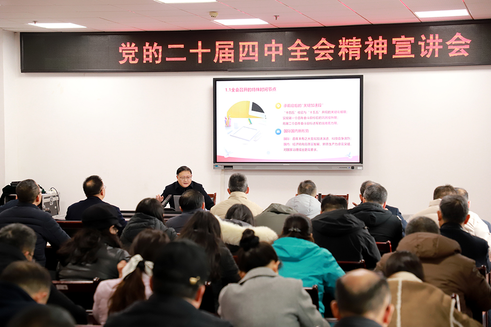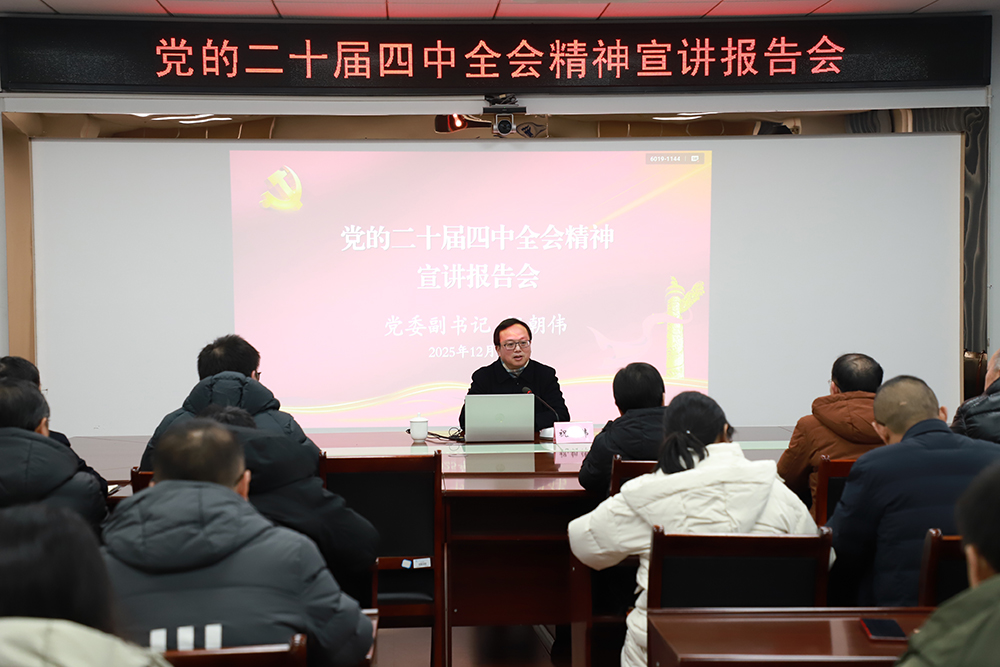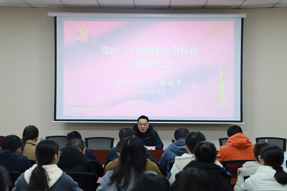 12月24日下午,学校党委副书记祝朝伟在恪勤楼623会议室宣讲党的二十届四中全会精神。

########

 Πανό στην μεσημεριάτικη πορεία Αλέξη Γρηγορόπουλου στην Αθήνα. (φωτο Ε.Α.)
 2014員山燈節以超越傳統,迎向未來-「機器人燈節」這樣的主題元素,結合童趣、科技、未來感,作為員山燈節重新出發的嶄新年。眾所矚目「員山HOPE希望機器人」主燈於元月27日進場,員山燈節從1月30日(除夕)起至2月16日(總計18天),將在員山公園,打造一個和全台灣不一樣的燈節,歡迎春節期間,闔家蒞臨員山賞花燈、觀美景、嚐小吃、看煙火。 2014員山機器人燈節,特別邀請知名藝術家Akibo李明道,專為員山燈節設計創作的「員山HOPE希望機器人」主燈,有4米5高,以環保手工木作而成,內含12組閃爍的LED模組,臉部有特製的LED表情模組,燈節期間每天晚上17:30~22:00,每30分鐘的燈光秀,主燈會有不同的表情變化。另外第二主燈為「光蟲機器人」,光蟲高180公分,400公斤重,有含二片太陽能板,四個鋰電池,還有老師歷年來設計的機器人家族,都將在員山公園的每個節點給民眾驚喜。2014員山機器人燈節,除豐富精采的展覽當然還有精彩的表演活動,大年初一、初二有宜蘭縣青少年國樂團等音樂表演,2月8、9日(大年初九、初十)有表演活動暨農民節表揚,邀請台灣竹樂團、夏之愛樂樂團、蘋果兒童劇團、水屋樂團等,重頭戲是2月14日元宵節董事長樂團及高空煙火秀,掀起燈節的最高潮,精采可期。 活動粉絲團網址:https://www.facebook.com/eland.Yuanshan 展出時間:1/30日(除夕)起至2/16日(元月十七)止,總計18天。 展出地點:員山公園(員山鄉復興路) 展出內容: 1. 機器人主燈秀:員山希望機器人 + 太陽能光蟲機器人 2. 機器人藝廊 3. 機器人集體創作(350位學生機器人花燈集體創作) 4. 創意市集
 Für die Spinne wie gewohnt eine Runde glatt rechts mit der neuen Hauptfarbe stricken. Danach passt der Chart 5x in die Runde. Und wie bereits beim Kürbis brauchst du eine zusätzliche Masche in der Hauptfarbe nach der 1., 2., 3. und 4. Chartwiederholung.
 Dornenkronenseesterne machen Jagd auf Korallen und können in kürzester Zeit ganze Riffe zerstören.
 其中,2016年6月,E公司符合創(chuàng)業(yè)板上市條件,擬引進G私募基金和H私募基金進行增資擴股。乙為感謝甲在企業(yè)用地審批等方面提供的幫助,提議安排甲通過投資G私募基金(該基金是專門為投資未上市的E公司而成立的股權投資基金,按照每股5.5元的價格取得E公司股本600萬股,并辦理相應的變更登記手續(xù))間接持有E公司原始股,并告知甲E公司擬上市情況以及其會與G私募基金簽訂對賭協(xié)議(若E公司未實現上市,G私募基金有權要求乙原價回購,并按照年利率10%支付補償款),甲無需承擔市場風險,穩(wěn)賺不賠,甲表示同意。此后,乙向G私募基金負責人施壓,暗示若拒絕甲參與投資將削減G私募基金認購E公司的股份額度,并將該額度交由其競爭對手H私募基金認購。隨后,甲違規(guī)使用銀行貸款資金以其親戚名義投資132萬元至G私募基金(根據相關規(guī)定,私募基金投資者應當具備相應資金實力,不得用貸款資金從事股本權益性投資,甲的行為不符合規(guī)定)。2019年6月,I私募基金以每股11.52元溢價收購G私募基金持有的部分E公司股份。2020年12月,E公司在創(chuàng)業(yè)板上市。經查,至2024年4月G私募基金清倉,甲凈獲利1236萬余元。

########

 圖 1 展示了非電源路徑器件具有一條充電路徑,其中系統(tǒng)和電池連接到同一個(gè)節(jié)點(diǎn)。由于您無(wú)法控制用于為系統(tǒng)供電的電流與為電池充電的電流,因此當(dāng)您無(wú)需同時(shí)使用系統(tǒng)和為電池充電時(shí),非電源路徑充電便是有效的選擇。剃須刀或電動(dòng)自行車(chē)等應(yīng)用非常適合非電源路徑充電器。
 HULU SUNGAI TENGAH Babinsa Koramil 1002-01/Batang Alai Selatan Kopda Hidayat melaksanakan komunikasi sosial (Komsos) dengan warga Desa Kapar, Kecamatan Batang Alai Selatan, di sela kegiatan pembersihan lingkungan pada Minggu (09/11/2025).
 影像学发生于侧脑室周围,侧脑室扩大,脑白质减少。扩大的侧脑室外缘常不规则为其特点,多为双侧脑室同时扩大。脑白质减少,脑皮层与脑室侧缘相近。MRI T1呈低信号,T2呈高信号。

########

Aim of the task
Working from the material above, restate word for word the lines between the line with "Für die Spinne" and the line with "其中,2016年6月,E公司", both included, and only those.

Answer box
 Für die Spinne wie gewohnt eine Runde glatt rechts mit der neuen Hauptfarbe stricken. Danach passt der Chart 5x in die Runde. Und wie bereits beim Kürbis brauchst du eine zusätzliche Masche in der Hauptfarbe nach der 1., 2., 3. und 4. Chartwiederholung.
 Dornenkronenseesterne machen Jagd auf Korallen und können in kürzester Zeit ganze Riffe zerstören.
 其中,2016年6月,E公司符合創(chuàng)業(yè)板上市條件,擬引進G私募基金和H私募基金進行增資擴股。乙為感謝甲在企業(yè)用地審批等方面提供的幫助,提議安排甲通過投資G私募基金(該基金是專門為投資未上市的E公司而成立的股權投資基金,按照每股5.5元的價格取得E公司股本600萬股,并辦理相應的變更登記手續(xù))間接持有E公司原始股,并告知甲E公司擬上市情況以及其會與G私募基金簽訂對賭協(xié)議(若E公司未實現上市,G私募基金有權要求乙原價回購,并按照年利率10%支付補償款),甲無需承擔市場風險,穩(wěn)賺不賠,甲表示同意。此后,乙向G私募基金負責人施壓,暗示若拒絕甲參與投資將削減G私募基金認購E公司的股份額度,并將該額度交由其競爭對手H私募基金認購。隨后,甲違規(guī)使用銀行貸款資金以其親戚名義投資132萬元至G私募基金(根據相關規(guī)定,私募基金投資者應當具備相應資金實力,不得用貸款資金從事股本權益性投資,甲的行為不符合規(guī)定)。2019年6月,I私募基金以每股11.52元溢價收購G私募基金持有的部分E公司股份。2020年12月,E公司在創(chuàng)業(yè)板上市。經查,至2024年4月G私募基金清倉,甲凈獲利1236萬余元。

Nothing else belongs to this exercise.